Encyclopedia of Applied Ethics (San Diego: Academic Press, 2012)
6 Pages Posted: 4 Aug 2015 Last revised: 7 Aug 2015
Date Written: 2012
Nearly a decade since their creation, population biobanks have been credited for making possible large-scale human population genetics research studies looking to investigate and comprehend diseases by analyzing genetic variations and gene-environment interactions. The increase in number of both these population biobanks and the participants included therein has led to the need to harmonize where appropriate, both the approaches and the tools used, so as to be able to achieve statistical significance. In that respect, the international Public Population Project in Genomics (P3G) enables this collaborative process.
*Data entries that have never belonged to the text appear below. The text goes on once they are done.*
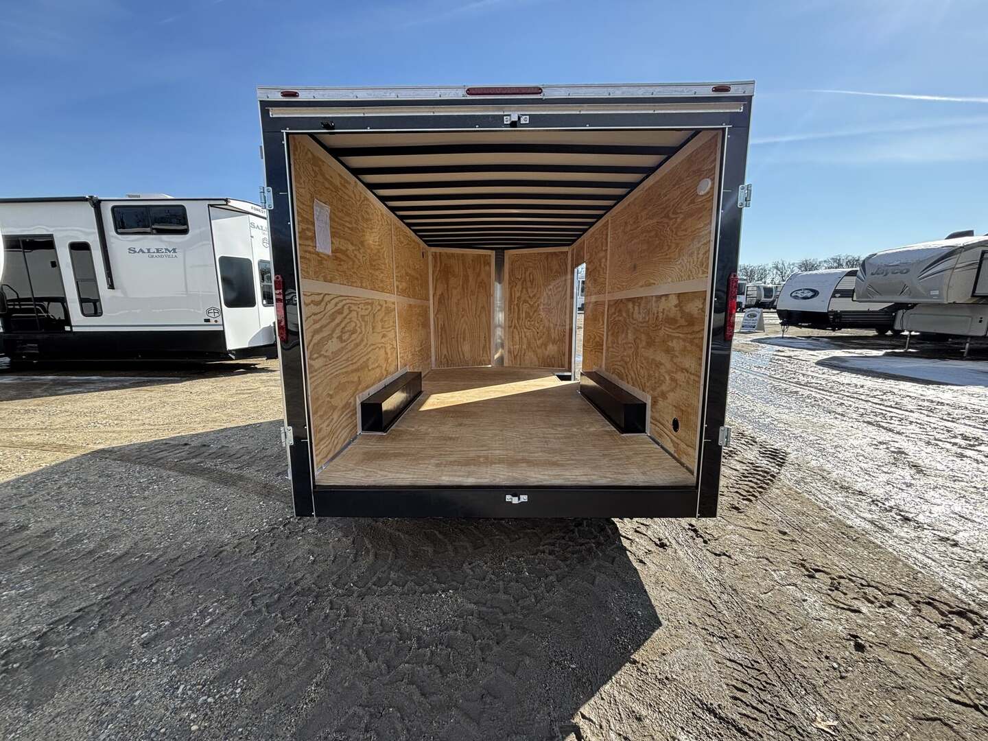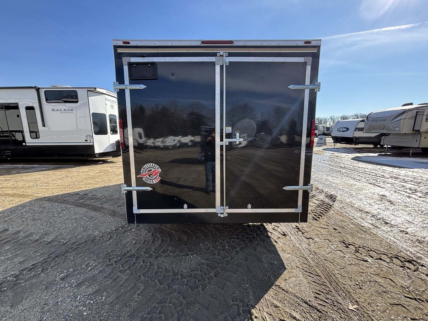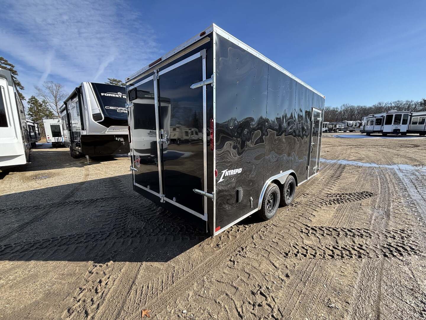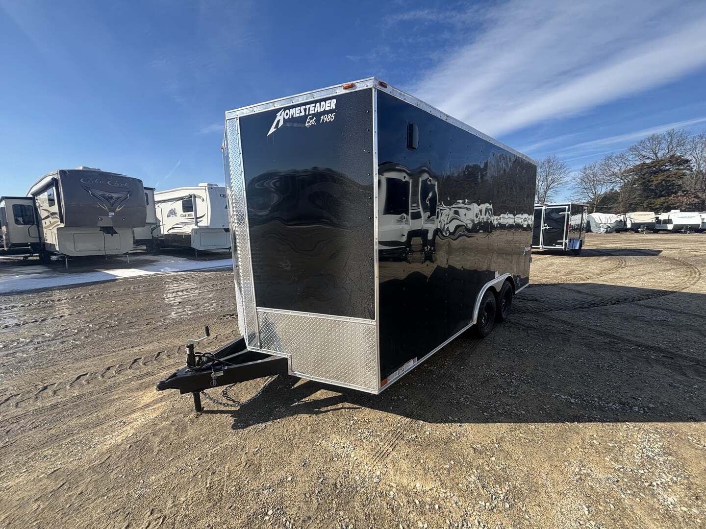 2026 Homesteader Intrepid 8x16IT Cargo Trailer for RV EnthusiastsIntroducing the 2026 Homesteader Intrepid Cargo Trailer, a new arrival built to deliver reliability, security, and versatile use for RV lovers, contractors, exhibitors, and mobile businesses. This in-stock model blends a rugged enclosed steel frame with a practical cargo area designed to guard tools, equipment, or gear from the elements. With its sleek black exterior, 8x16IT floorplan, and user-friendly bumper-pull towability, it’s ready to support your recreational vehicle lifestyle or professional needs right away.OverviewThe Intrepid is engineered for dependable performance behind a wide range of light trucks. It features two axles with a bumper pull hitch and a 7,000-pound gross vehicle weight rating (GVWR), providing ample payload while preserving easy handling on the road. The enclosed steel construction paired with a wood floor creates a sturdy, long-lasting platform suitable for year-round use. An in-stock arrival (stock number 8313) means you can secure immediate access to a flexible cargo solution without waiting for build time. This model is categorized for practical cargo use rather than as a travel trailer or motorhome, delivering space, security, and reliability for RV enthusiasts and business owners alike.Dimensions & ConstructionDimensions reflect a compact, versatile footprint that’s easy to tow and maneuver. Length: 16 feet 0 inches; Width: 8 feet 0 inches; Height: 7 feet 0 inches. Floorplan: 8x16IT. Construction: Steel with a Wood floor. Enclosure: Enclosed. Exterior Color: Black. Axles: 2; Hitch: Bumper Pull. GVWR: 7,000 pounds. Year: 2026; Stock Number: 8313. Condition: New; In Stock.Key Specifications Classification: Cargo/Concession Trailer Type: Cargo Trailer; Floorplan: 8x16IT Length: 16 feet 0 inches; Width: 8 feet 0 inches; Height: 7 feet 0 inches Construction: Steel; Floor Type: Wood; Enclosure: Enclosed Exterior Color: Black Axles: 2; Hitch: Bumper Pull GVWR: 7,000 pounds Year: 2026; Stock Number: 8313 Condition: New; In StockWhy It Stands Out Versatile cargo solution ideal for RV gear, tools, mobile workshops, or event concessions New arrival with in-stock convenience and accessible financing options Durable steel construction with a protective wood floor for long-lasting use Enclosed design keeps cargo secure and protected from weather and road debrisWhether you’re outfitting an RV lifestyle, managing equipment for a mobile business, or seeking extra storage space, this 2026 cargo trailer delivers reliability and value. Ready to tow with a bumper pull setup, it makes a practical addition to any fleet or personal RV collection. Contact us to learn more about pricing, availability, and how this model can fit your towing and storage needs.
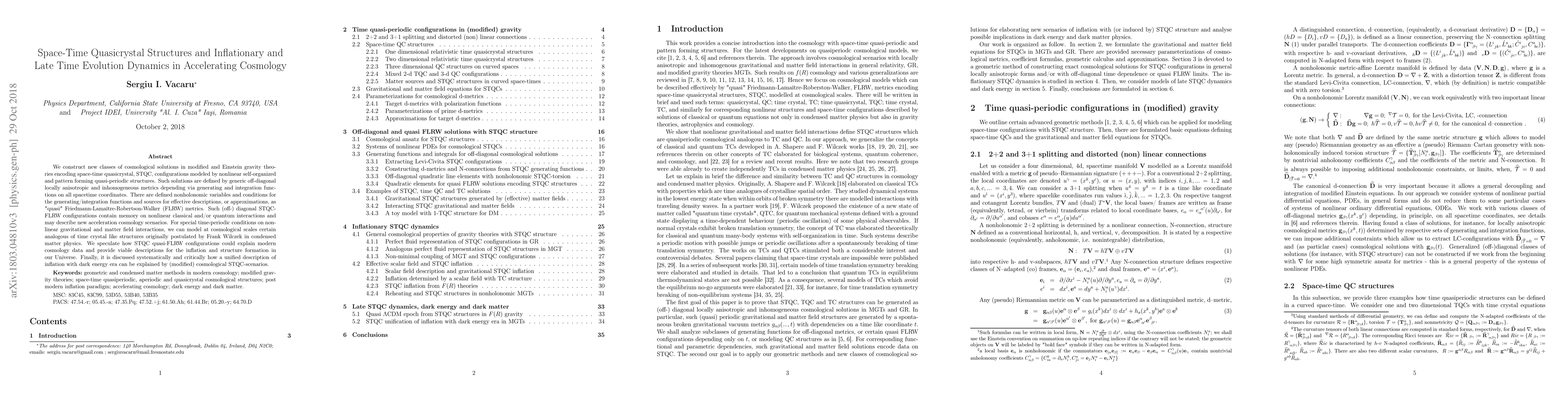 Researchers develop new cosmological solutions modeling space-time quasicrystal structures that may explain modern cosmology data and provide viable descriptions for inflation and structure formation in the Universe.
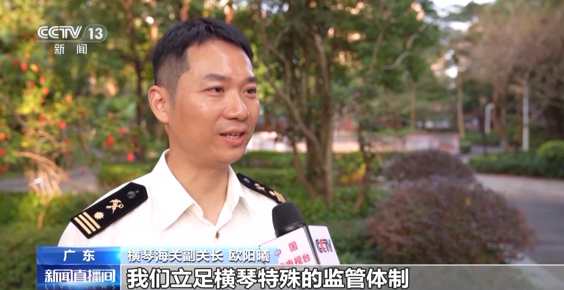 *橫琴海關副關長 歐陽曦:*我們立足橫琴特殊的監管體制,創新了分類、風險、信用、協同、智慧“五維一體”的監管模式,全力打造分線管理的海關監管制度樣板間,不斷推進琴澳的規則銜接機制對接。我們與澳門方面實施了15個跨境合作機制,在人員的衞生檢疫推行“合作查驗,一次放行”、實施了“粵澳客貨車聯合一站式”通關、創新貨物簡化申報,申報要素最大壓縮60%,不斷激發區域發展活力。
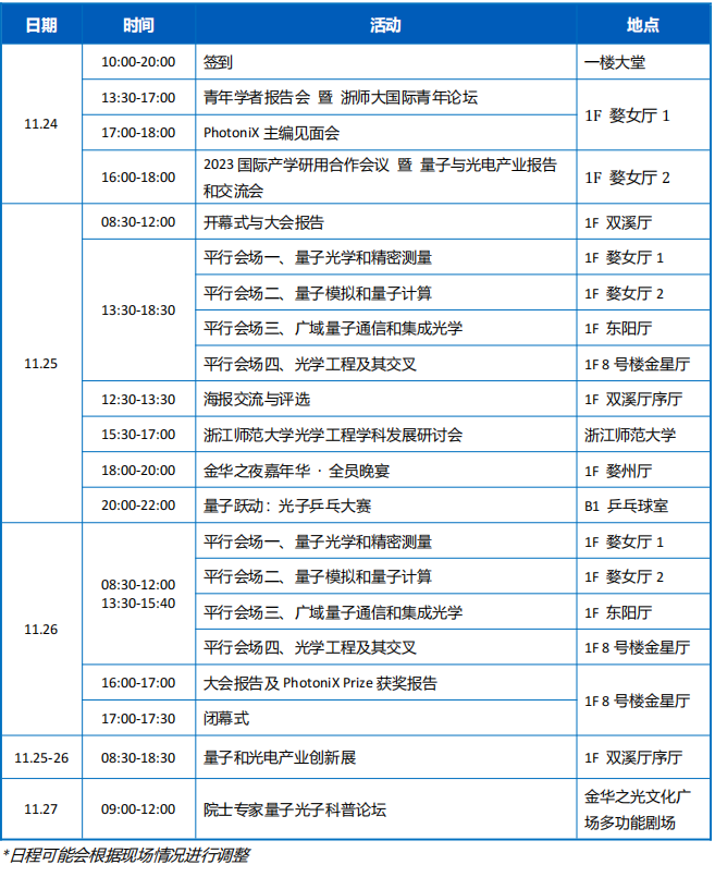 11月24-27日在浙江金華隆重舉辦“International Conference on Quantum Photonics (QPhotoniX 2023) ”。屆時(shí)全球量子信息領(lǐng)域?qū)W術(shù)界和產(chǎn)業(yè)界專家、學(xué)者、科研人員齊聚金華,圍繞量子計(jì)算、量子通信、量子精密測(cè)量和相關(guān)產(chǎn)業(yè)開展學(xué)術(shù)研討和應(yīng)用
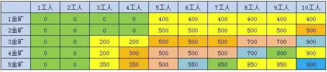 MAX[(4 金矿 10 工人的挖金数量),(4 金矿 5 工人的挖金数量 + 第 5 座金矿的挖金数量)]
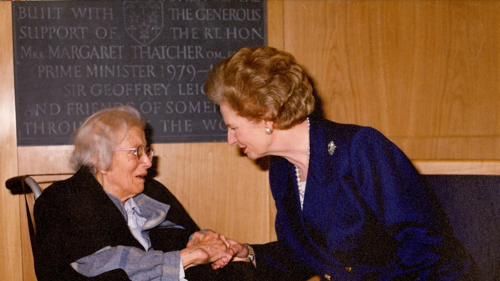 Margaret Thatcher with Dorothy Hodgkin taken at Somerville College, 1991. Photo by kind permission of Somerville College, University of Oxford
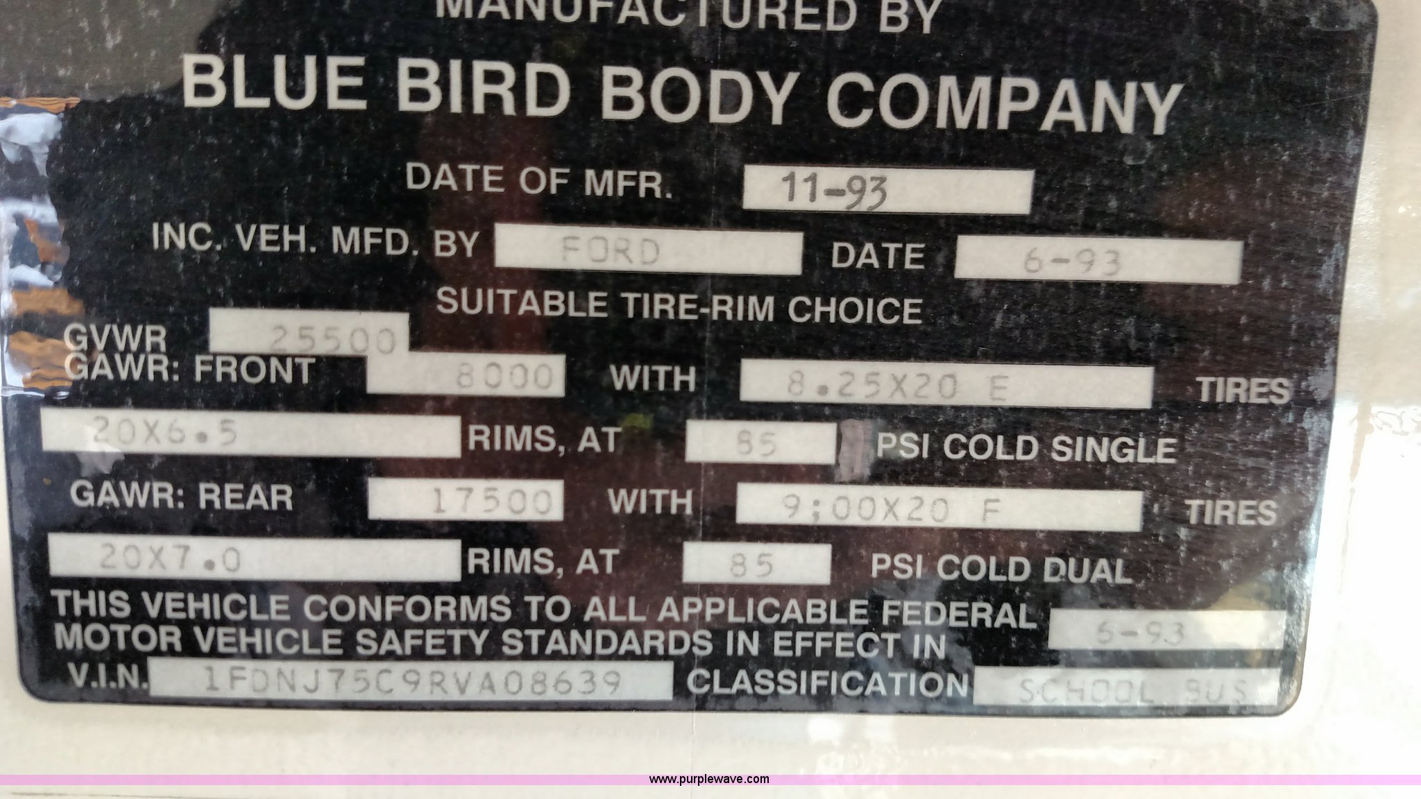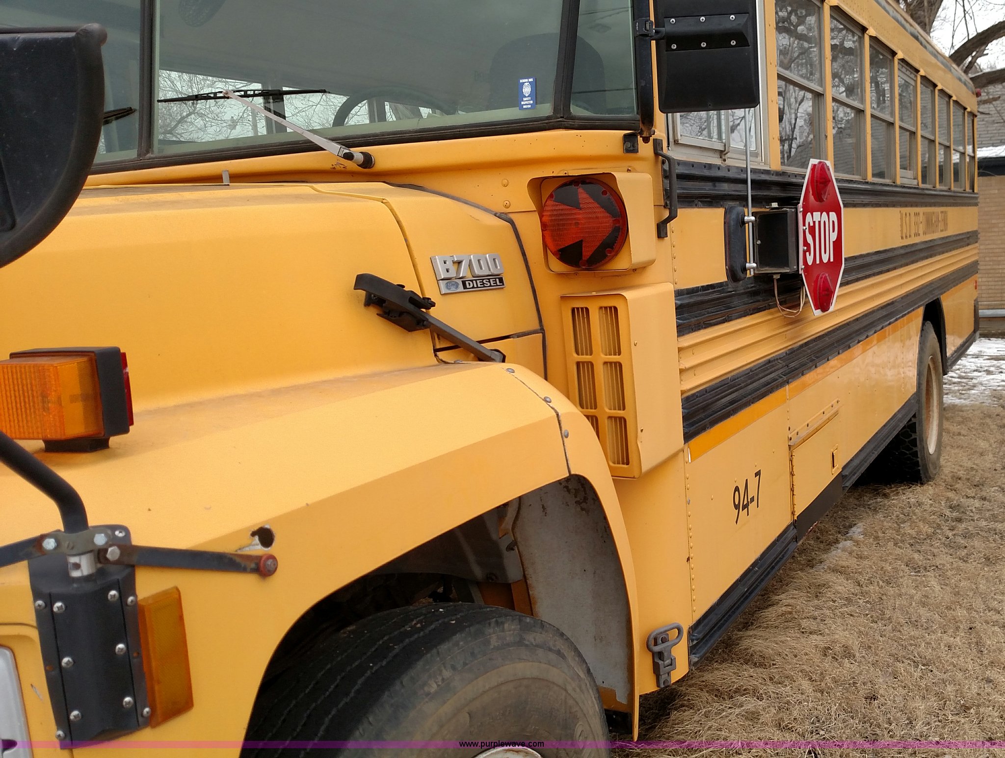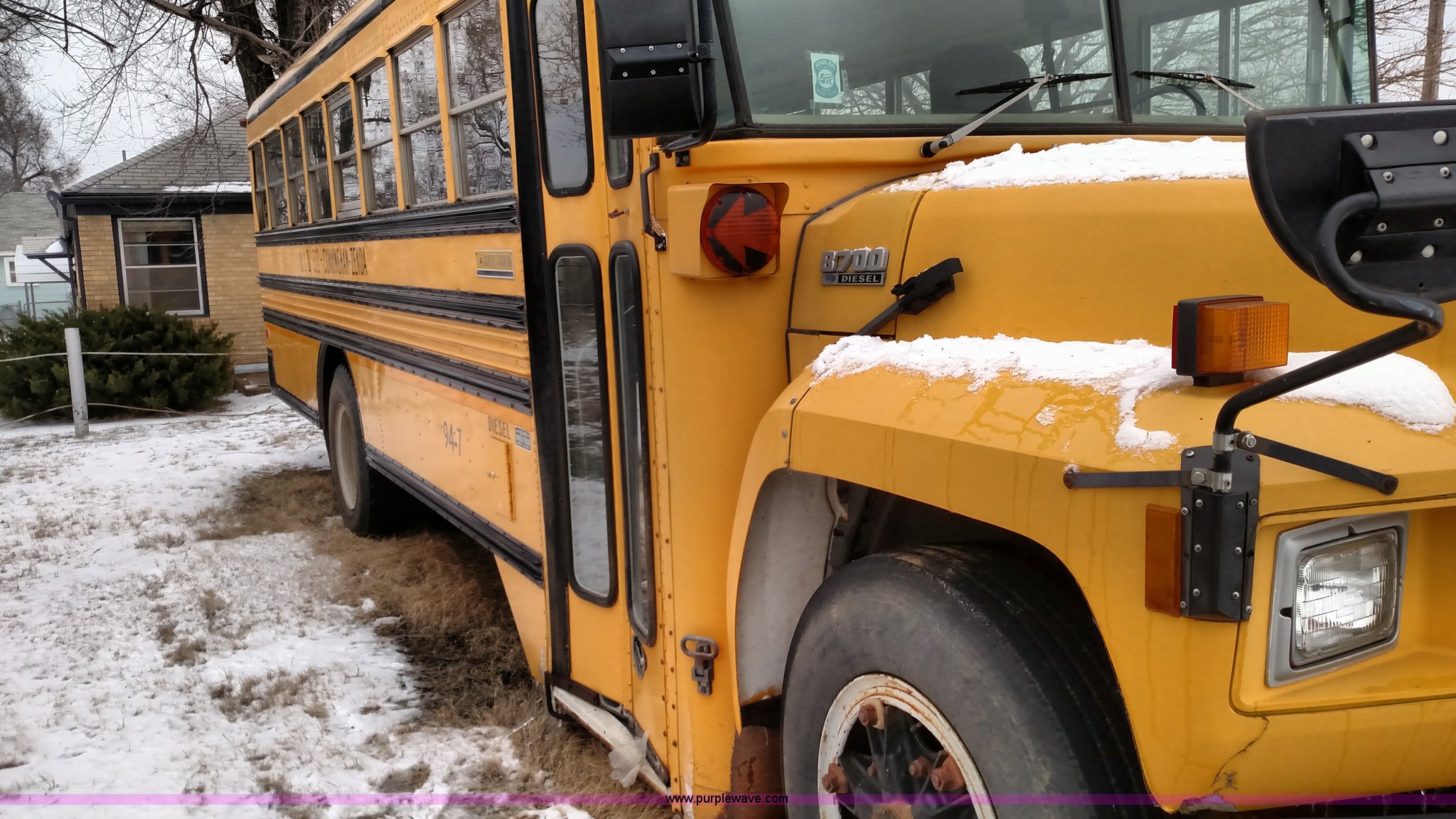 Purple Wave is selling a used Bus in Kansas. This item is a 1994 Ford B700 school bus with the following: 190,946 miles on odometer, Cummins ISB 5.9L L6 diesel engine, Automatic transmission, Heat, AM/FM, 47 passenger capacity, (2) front kid passenger seats, Blue Bird body, Model M66080, 9.00R20 tires, Interior/exterior cosmetic damage, Kenwood two-way radio not included

Indeed, only the passage of time will determine whether the bodies put in place to direct, oversee, set conditions for access, and also report to the public (who both participates and pays for the creation of such infrastructures) actually serve as ethical safeguards or instead impede the use of biobanks for research. Examining in turn, then, the issues of governance, consent, confidentiality, and access followed by the emerging literature on return of results, recontact, reconsent, and commercialization, we will conclude with a critical examination of the future of population biobanks after a decade of their development.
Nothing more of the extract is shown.